• EXERCISE: Beginning with the first line, retype exactly the records below up to and including the line with "на муромцевском кладбище."; pictures do not belong in the copy.

• INPUT FOR THIS TASK:
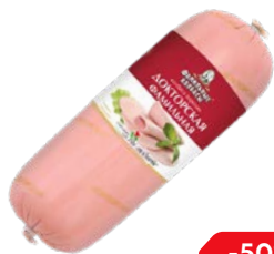
Колбаса ДОКТОРСКАЯ , Фамильная (Фамильные колбасы), 100 г
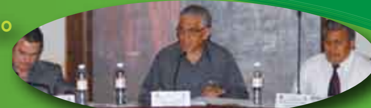
Tlalnepantla, Estado de México
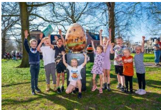
MKB Retail Assen/Vaart in Assen – Paaseieren op de Brink
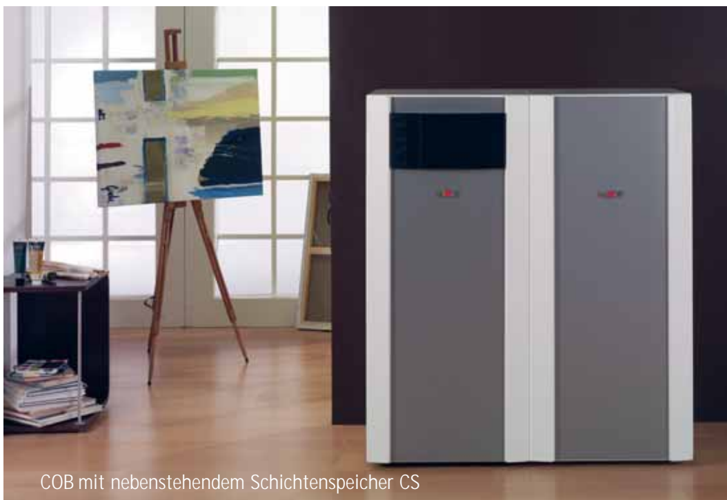
COB mit nebenstehendem Schichtenspeicher CS
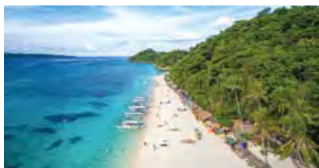
▲長灘島2人成行，促銷2萬5千元有找！

後也推出多樣化的機加酒自由行和MINI TOUR，價格一樣很超值！例如近幾年非常火紅的宿霧，透過長榮航空、星宇航空直飛，推出「超值宿霧鯨鯊共舞沙丁魚風暴」行程，直售價18,388元起，特別安排鯨鯊共舞、參觀資生堂島、宿霧市區觀光和一日自由活動，全程無進站購物，行程豐富又愜意。
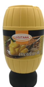
MOUTARDE LUSITANA 270G
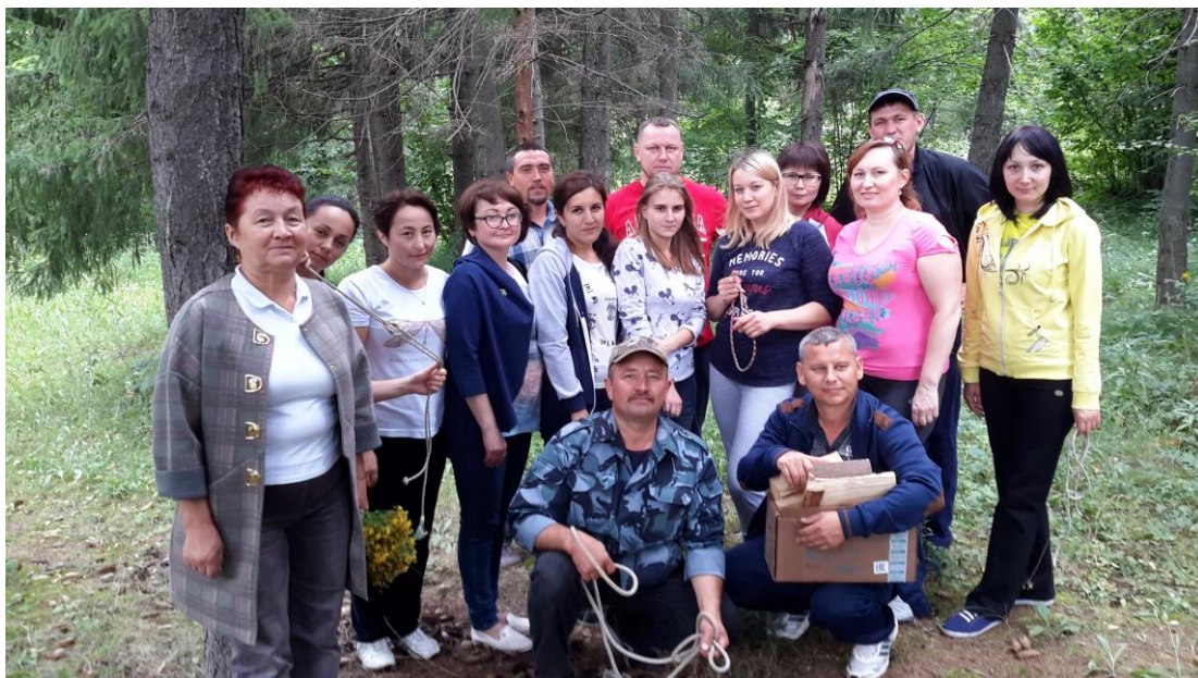
Коллективы районного суда и мировых судей при сдаче норм ГТО (август 2017 года)

Коллективы Балтасинского районного суда и мировых судей по Балтасинскому судебному району работают дружно, сплоченно. Сотрудники аппаратов обладают огромным опытом и знаниями в вопросах организации и ведения делопроизводства, качественно и оперативно исполняют свои должностные обязанности.
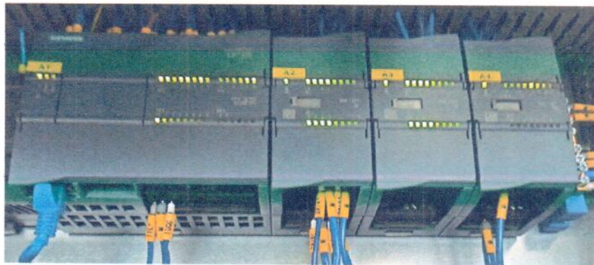
Рисунок 1.6 – Фотография контроллера программируемого SIMATIC S7-1200
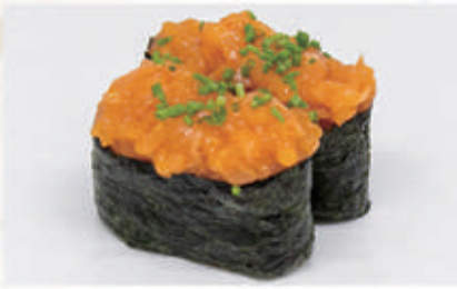
481. GUNKAN SPICY SALMONE Salmone piccante 10.4.3.7. € 3,00
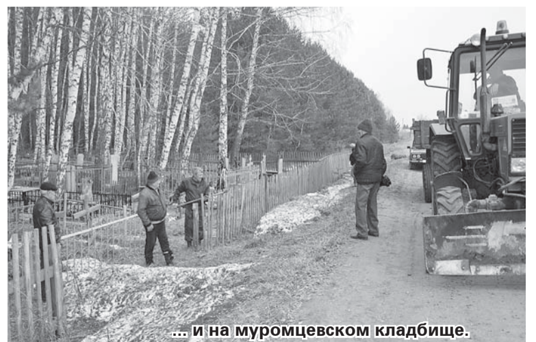
... и на муромцевском кладбище.
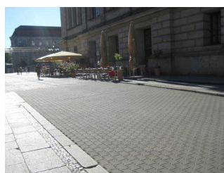
Zuwegung Jägerstraße/ Charlottenstr. bzw. Jägerstraße/ Markgrafenstr.
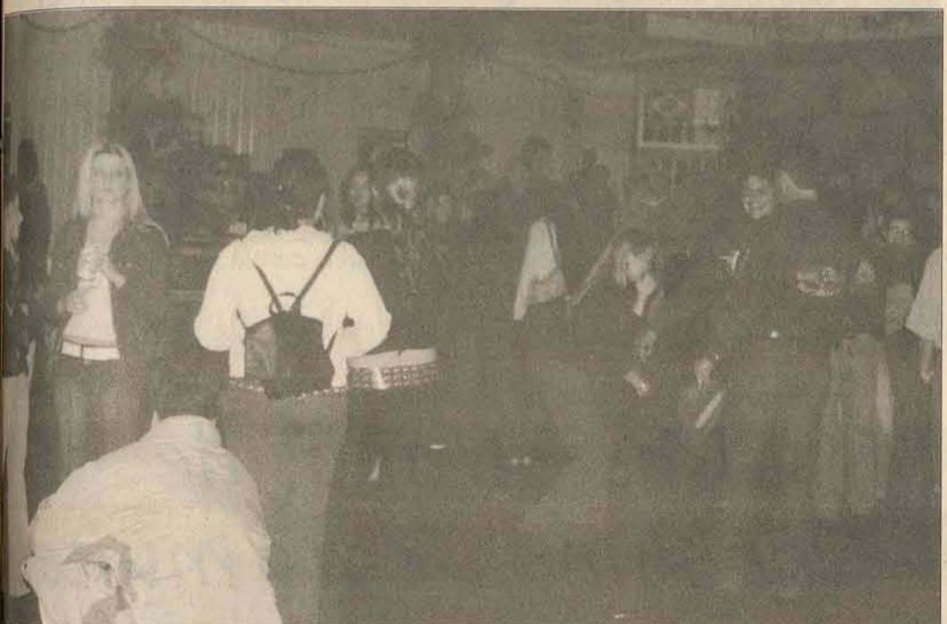
A decoração foi um espetáculo a parte

• WRITTEN RESPONSE:
Колбаса ДОКТОРСКАЯ , Фамильная (Фамильные колбасы), 100 г
Tlalnepantla, Estado de México
MKB Retail Assen/Vaart in Assen – Paaseieren op de Brink
COB mit nebenstehendem Schichtenspeicher CS
▲長灘島2人成行，促銷2萬5千元有找！

後也推出多樣化的機加酒自由行和MINI TOUR，價格一樣很超值！例如近幾年非常火紅的宿霧，透過長榮航空、星宇航空直飛，推出「超值宿霧鯨鯊共舞沙丁魚風暴」行程，直售價18,388元起，特別安排鯨鯊共舞、參觀資生堂島、宿霧市區觀光和一日自由活動，全程無進站購物，行程豐富又愜意。
MOUTARDE LUSITANA 270G
Коллективы районного суда и мировых судей при сдаче норм ГТО (август 2017 года)

Коллективы Балтасинского районного суда и мировых судей по Балтасинскому судебному району работают дружно, сплоченно. Сотрудники аппаратов обладают огромным опытом и знаниями в вопросах организации и ведения делопроизводства, качественно и оперативно исполняют свои должностные обязанности.
Рисунок 1.6 – Фотография контроллера программируемого SIMATIC S7-1200
481. GUNKAN SPICY SALMONE Salmone piccante 10.4.3.7. € 3,00
... и на муромцевском кладбище.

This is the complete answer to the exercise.